Note that return $sorted is inside the if so as to avoid returning an empty
array. If you don't mind returning an empty array put it down the bracket.

And thanks to you. I signed up to the mailing list only two days ago
(although I've been working with PHP for at least 3 years), and you are the
first person I help successfully (or almost). Don't ever regret of asking
problems in the mailing list and always wait about 24 hours for someone to
answer ;-)

There are lots of people from all over the world so if the one helping your
case is in the opposite part of the world and is asleep... it takes time ;-)

Cheers,

Roberto




On Mon, Jun 30, 2008 at 17:38, David Sky <espaiz@xxxxxxxxx> wrote:

Hey Robero,

Thanks for the answer, the none recursion function is a good idea,
although as provided in your example if would only return one
entry from each parent it can get to and it only can get to few,
depends on how the array is sorted.

Basically you can make it work if you would sort the array from
small to high by parent value, but in my case I will get this array
pre-sorted by date, so I can't change the order.

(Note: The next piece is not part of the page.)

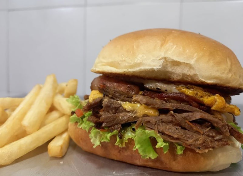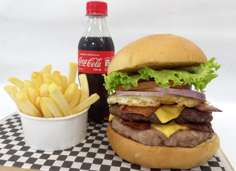 Buen pan brioche, 180 % gramos de carne de res, + 180 gramos de carne de cerdo, doble tocineta, queso importado americano, lechuga, tomatess, cebolla cruda o grille, salsa jackass, bbq, y lo mejor , trae su huevito metido!!!+ papitas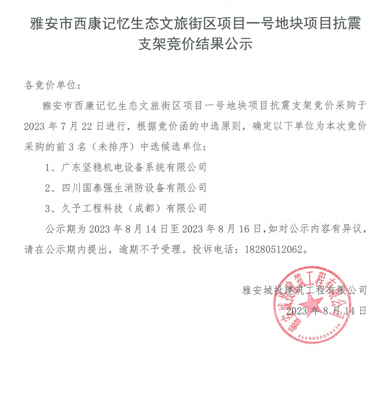 雅安市西康記憶生態(tài)文旅街區(qū)項目一號地塊項目抗震支架競價結(jié)果公示

Now, about your other suggestion, yes, it will work without the reference.
I used the reference to avoid creating "local" copies of the array.

I solved the problem by removing the reference just as you said, but then
there would be to many recursions, so I ended up with this function:

/**
* Recursion
* @array as ( id => parent )
* return array as ( id => level ) maintaining arrays' initial order
*/
function recur($array, &$sorted=array(), $pid=0, $level=0)
{
if(empty($sorted)){$return=true;}else{$return=false;}
foreach($array as $id=>$parent)
{
if($pid===$parent)
{
$sorted[$id]= $level;
unset($array[$id]);
if(in_array($id,$array)){
recur($array, &$sorted, $id, $level+1);
}
}
}
if($return){return $sorted;}
}

Checking with in_array if parent exist in array to make
less runs and saving micro seconds on return... haha.

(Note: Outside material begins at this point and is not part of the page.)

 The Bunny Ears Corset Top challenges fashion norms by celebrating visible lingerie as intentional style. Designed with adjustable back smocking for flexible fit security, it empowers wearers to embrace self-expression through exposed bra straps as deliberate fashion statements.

I couldn't make it any faster, but if anybody can,
please, let me know, I would be happy to know how to.


Thanks Robero, this is first time I'm looking for help in mailing list,
and I was starting to regret writing here, but your reply changed it :)

Thanks!

David.



On Mon, Jun 30, 2008 at 6:36 AM, Roberto Costumero Moreno
<rcostu@xxxxxxxxx> wrote:
That's not the problem. Look that the function is called with &$return,
so
there is a reference to the variable in which the function returns the
value
(if not there would not be an answer...).

Otherwise, i think the problem is in the recursive call inside the
function.
Once you make the unset, you make a recursive call to the function like:

recrusion(&$array, &$return, $id, $level+1);

while I think the problem will be solved if you make the call just like:

recrusion($array, &$return, $id, $level+1);


Notice that the $array variable has not & symbol, so is the variable
itself
and not a reference of it.

Although there is a better and simple solution for that problem (or I
think
something like this should work well):


<?php
function recrusion($array, $return, $pid=0, $level=0){
foreach($array as $id=>$parent){
if( $parent===$pid ){
$return[$id]= $level;
unset($array[$id]); /* remove this to get correct
results */

$level++;
$pid = $id;
}
}
}
$return= array();
$array= array(1=>0,2=>1,3=>2,4=>3,5=>2,6=>2,7=>6,8=>6,9=>0,10=>0);
recrusion($array, &$return);

var_dump( $return );
?>

So you don't make any recursive call, you don't lose too much efficiency
and
it should work well for the whole array.

Try the two solutions above and see whether if any is up to your
problem.


Cheers,

Roberto


On Mon, Jun 30, 2008 at 14:27, Jason Norwood-Young
<jason@xxxxxxxxxxxxxxxxxxx> wrote:

On Sun, 2008-06-29 at 18:25 -0800, David Sky wrote:
Hello everyone!

A couple of days ago I submitted a bug to PHP
http://bugs.php.net/bug.php?id=45385
But I was mistaken, apparently it's not a bug.
And I was "sent" here to get help.

I think you might be forgetting to return $return.